----- INPUT

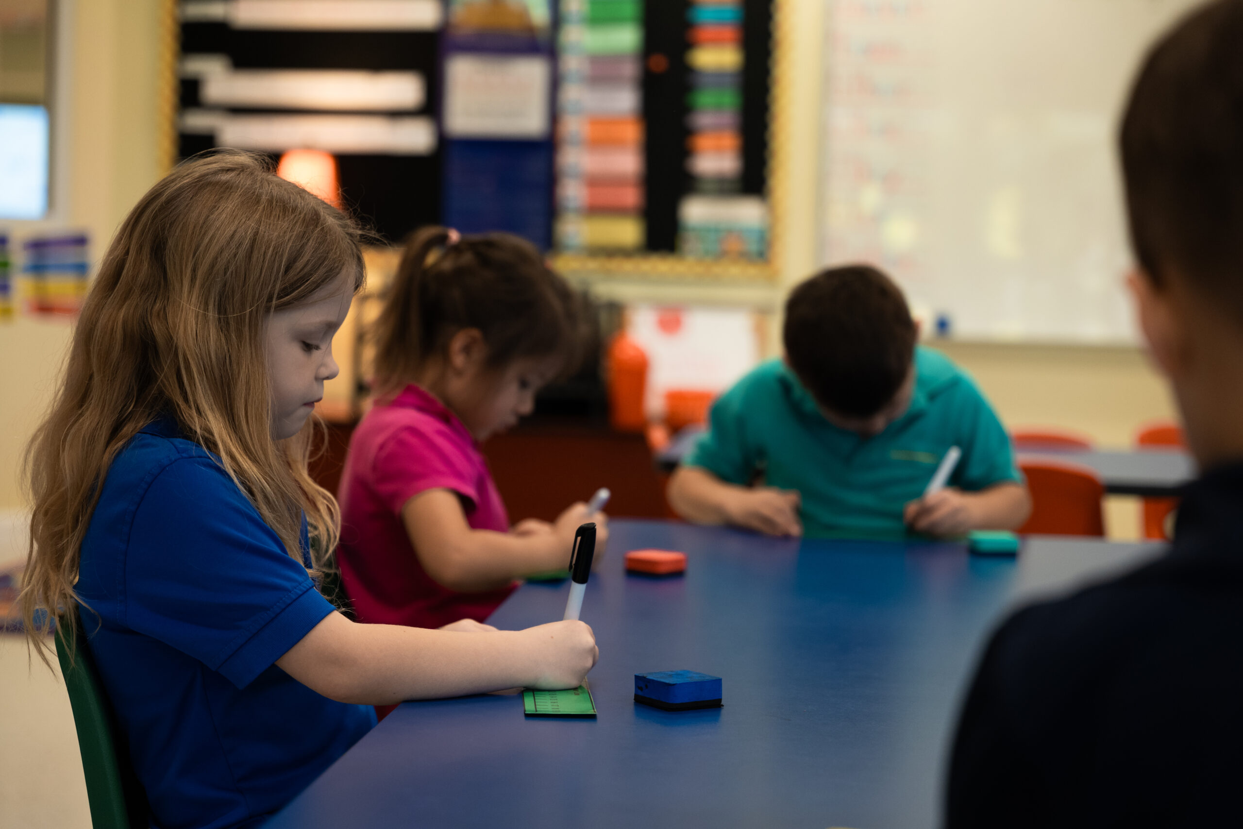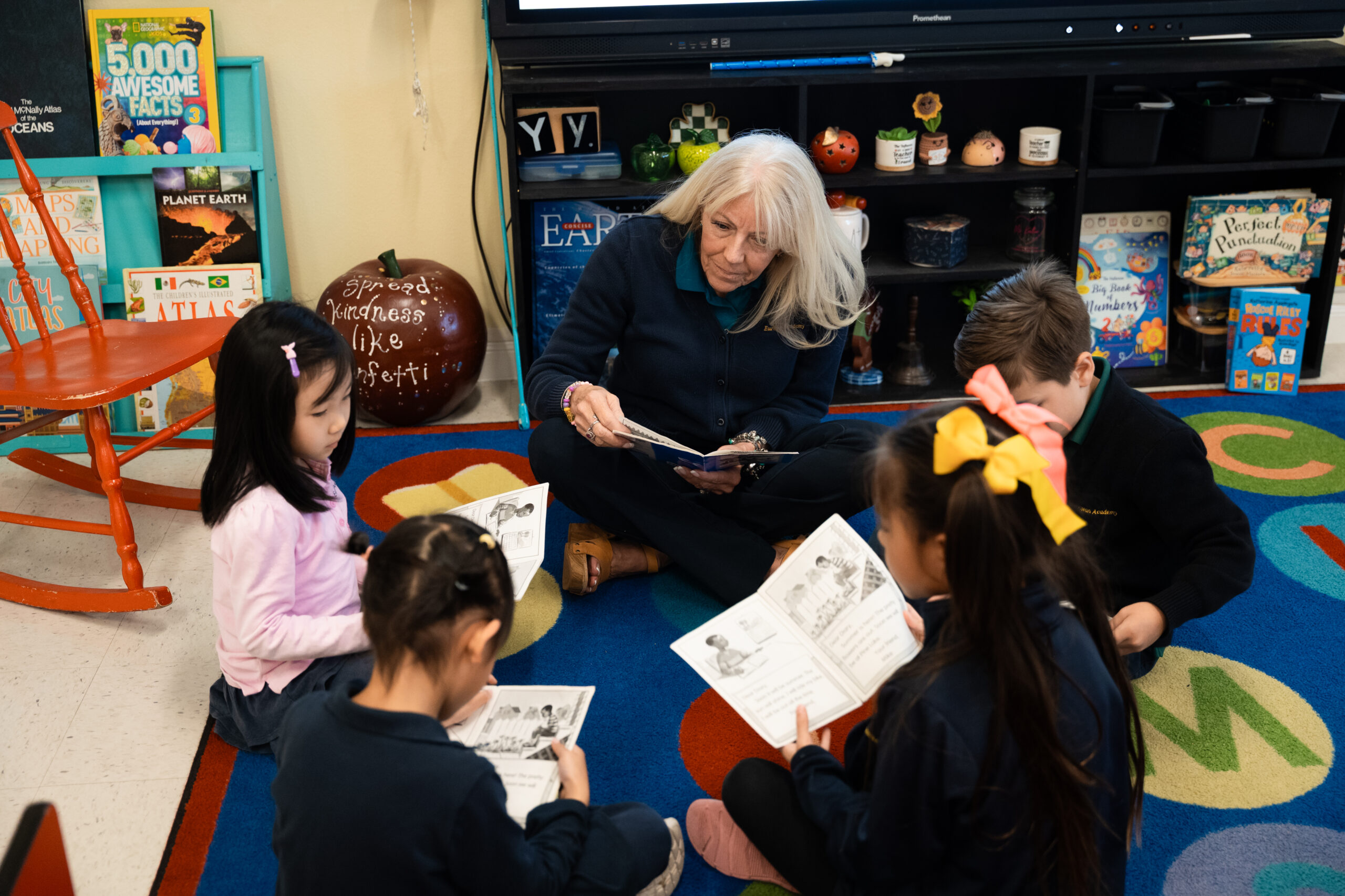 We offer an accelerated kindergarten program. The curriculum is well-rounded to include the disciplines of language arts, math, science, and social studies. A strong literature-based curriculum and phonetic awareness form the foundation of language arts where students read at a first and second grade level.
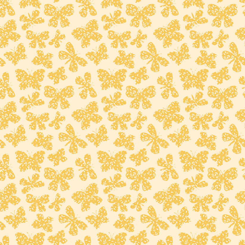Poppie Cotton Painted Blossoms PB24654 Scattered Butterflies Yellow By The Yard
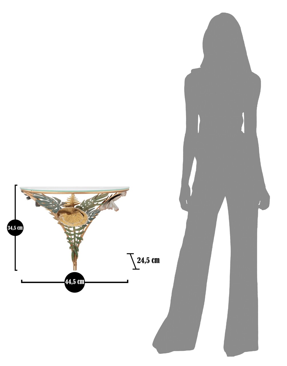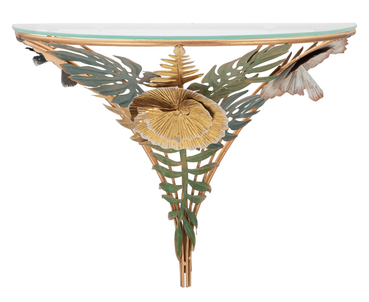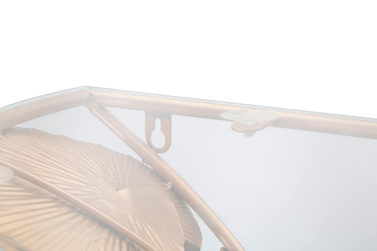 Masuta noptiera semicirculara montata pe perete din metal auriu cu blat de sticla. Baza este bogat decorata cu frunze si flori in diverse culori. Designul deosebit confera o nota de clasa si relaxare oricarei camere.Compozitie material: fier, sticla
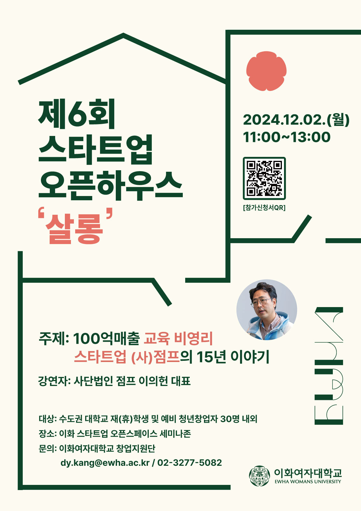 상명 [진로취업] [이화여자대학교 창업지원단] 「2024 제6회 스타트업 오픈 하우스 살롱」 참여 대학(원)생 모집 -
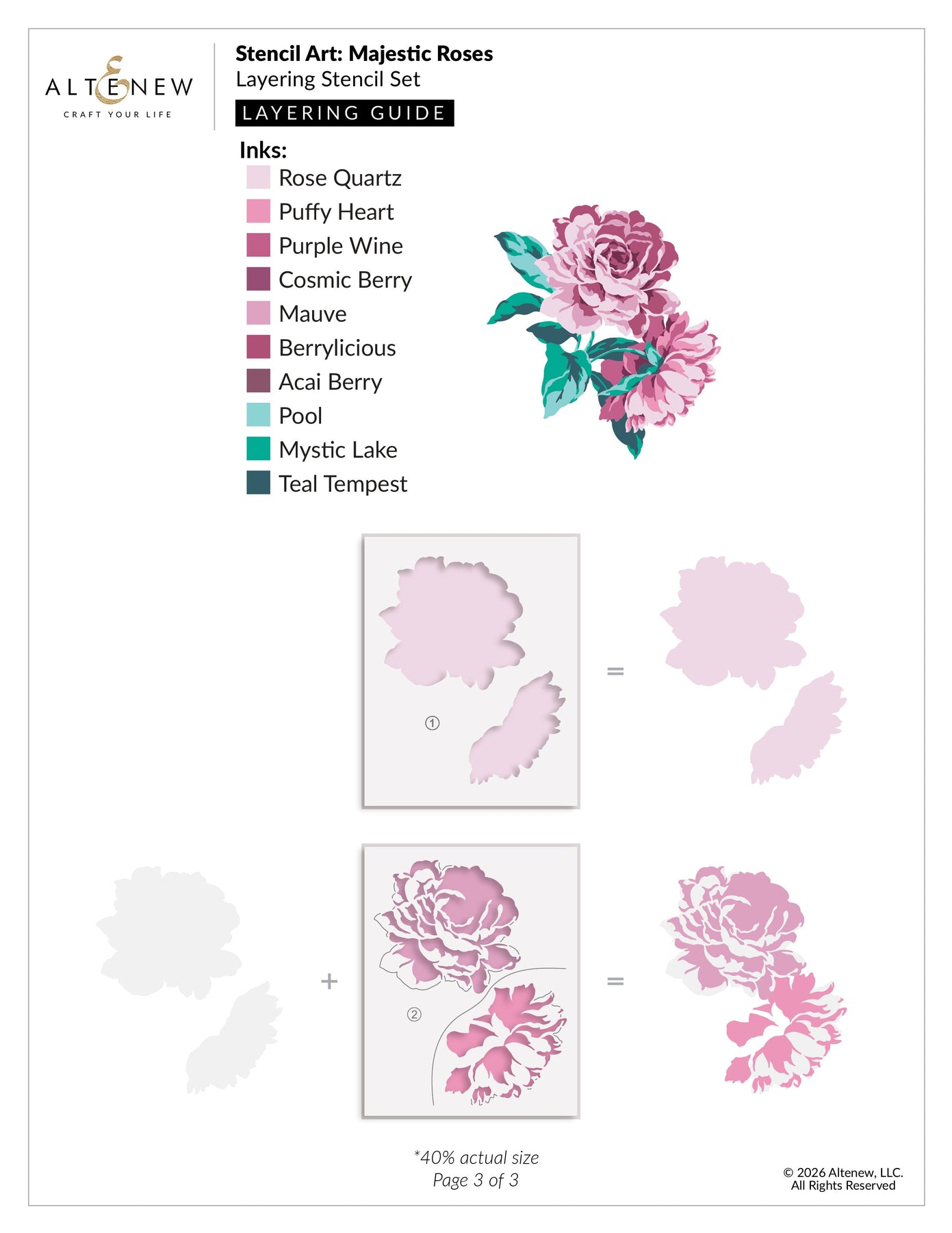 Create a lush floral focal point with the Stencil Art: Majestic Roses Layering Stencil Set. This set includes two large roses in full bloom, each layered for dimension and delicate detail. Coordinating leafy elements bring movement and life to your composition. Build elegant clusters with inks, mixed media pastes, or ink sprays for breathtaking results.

----------

TASK TO CARRY OUT: Beginning with the line that has "Masuta noptiera semicirculara", repeat each remaining line of the data above word for word, keeping pictures out.

SOLVED PROBLEM:
 Masuta noptiera semicirculara montata pe perete din metal auriu cu blat de sticla. Baza este bogat decorata cu frunze si flori in diverse culori. Designul deosebit confera o nota de clasa si relaxare oricarei camere.Compozitie material: fier, sticla
 상명 [진로취업] [이화여자대학교 창업지원단] 「2024 제6회 스타트업 오픈 하우스 살롱」 참여 대학(원)생 모집 -
 Create a lush floral focal point with the Stencil Art: Majestic Roses Layering Stencil Set. This set includes two large roses in full bloom, each layered for dimension and delicate detail. Coordinating leafy elements bring movement and life to your composition. Build elegant clusters with inks, mixed media pastes, or ink sprays for breathtaking results.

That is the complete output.